Tudo bem, pega um táxi e eu espero aqui. Calma, vai ficar tudo bem. Ele está com você. Então
vem pra cá rápido. Até mais.
Lara desliga e olha atônica para Nicholas.
- Parece que as surpresas não param mesmo. Teremos mais uma visita. E mais problemas.
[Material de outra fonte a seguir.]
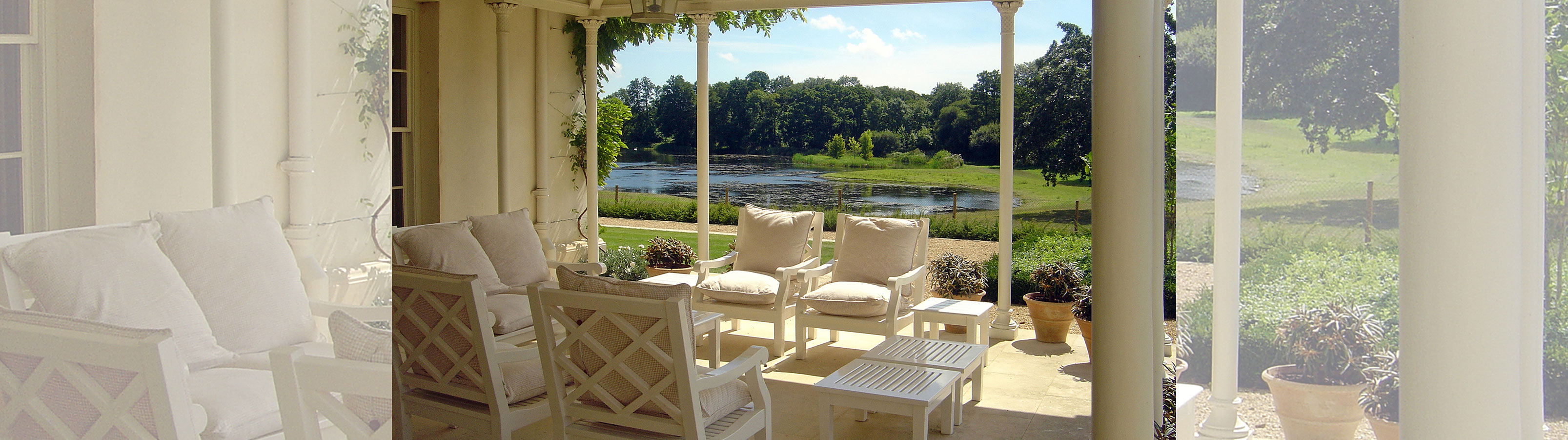 Chartwell. Terrace furniture with ecru coloured cushions.
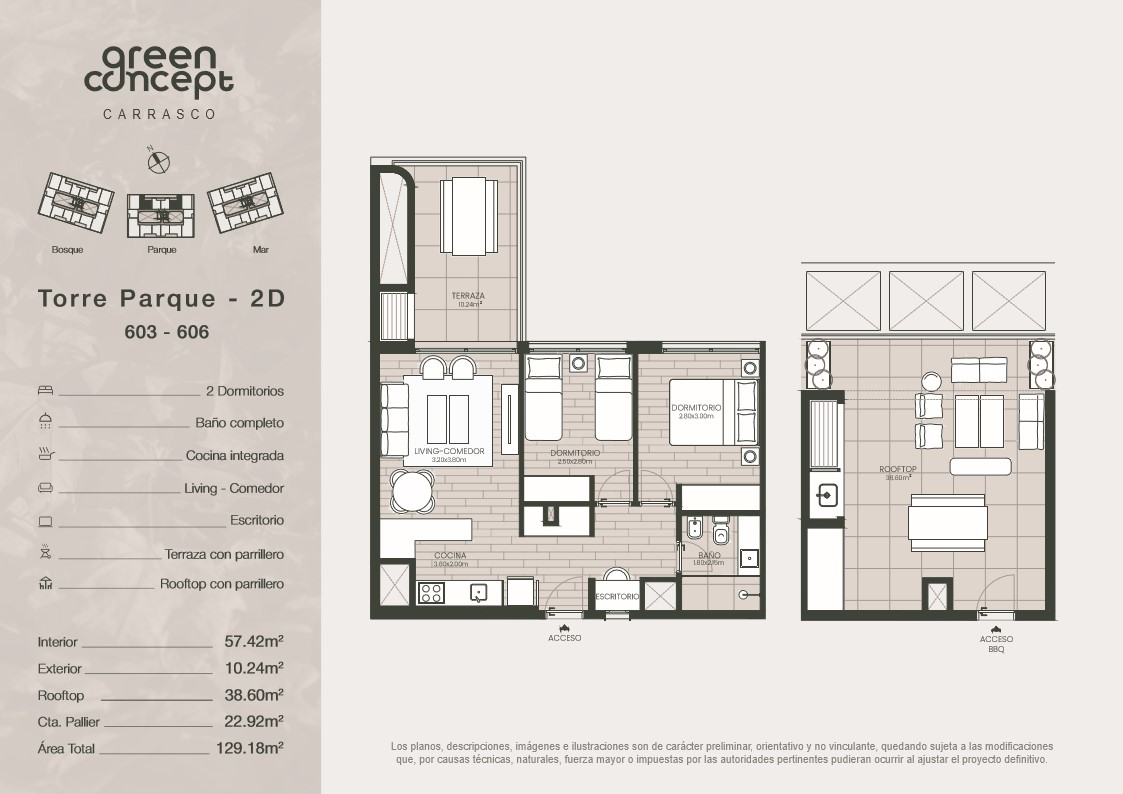 Lindante con un parque lineal y rodeado de un entorno cuidado se ubica Green Concept: Un desarrollo de 3 bloques de edificios bajos con entorno y centro verde. Se trata de una arquitectura contemporánea diseñada por RMA Arquitectos, que integra el entorno de manera respetuosa, incorporándolo en su interior. Unidades de 1, 2 y 3 dormitorios, unidos por un parque diseñado con todos los detalles, que lo convertirá en el lugar donde no veas la hora de volver todos los días. Apartamentos con vistas al parque, al bosque o al mar logrando una conexión única con el entorno, combinando un diseño moderno, con detalles de calidad y la naturaleza que lo rodea.

Larissa toca a campainha, arfando.


Gláucio atende e pede para que entre, com olhar doce e acolhedor. Larissa se sente protegida e
respira ainda mais aliviada ao ver Lara descendo as escadas para encontrá-la.
- Lara, que bom te ver. — sem cerimônias, Larissa corre até ela e a abraça. Lara retribui, sem
graça.
- Ta tudo bem agora. Fica calma. Me conta o que houve, o que te trouxe com tanta pressa até
aqui?
Larissa não diz nada, apenas se abaixa e abre a mala, retirando seu baú de dentro. O baú era do
mesmo tamanho e tonalidade do pertencente a Nicholas, e Lara não tem dúvidas sobre o que
fazer.
- Nick. Nicholas. Nick. - Grita, sem tirar os olhos do objeto.
- Desculpe, Lara, eu estava terminando de colocar umas coisas na mala. O que houve... — diz,
descendo as escadas, mas para de imediato ao ver o artefato nas mãos da historiadora.
- Nick. Olha para isso. É igualzinho ao seu.
- Igual. Mas o baú é o menos importante. O essencial é o conteúdo. Esse sim tenho certeza que é
diferente.
- Bom, vou deixá-lo com vocês. Não quero mais isso na minha vida.
- É o último. — confirma Nicholas.
- O último? Como assim? — Larissa pergunta confusa.
- Vire o Baú, Lara. Assim. Agora olhe no canto esquerdo. Ta vendo, sete tracinhos. Deve
significar o número, não? Como são sete partes, temos agora também a conclusão do manuscrito.
Lara força a visão. Era uma inscrição minúscula, mas eram sete traços.
- Parece um tipo de numeração. Faz sentido. - comenta.
- Bom, o baú agora é de vocês. Não quero mais encrenca com isso — Larissa abre os braços,
aliviada por se livrar do fardo.
- Fez bem em nos entregar a peça, Larissa. — comenta Lara - Vamos protegê-la a todo custo.
- Assim espero. Quero me livrar logo disso e voltar a minha vida de antes. Não quero ser super-
heroína.
- Parece com alguém falando antigamente — sussurra Lara, dando a indireta para Nicholas.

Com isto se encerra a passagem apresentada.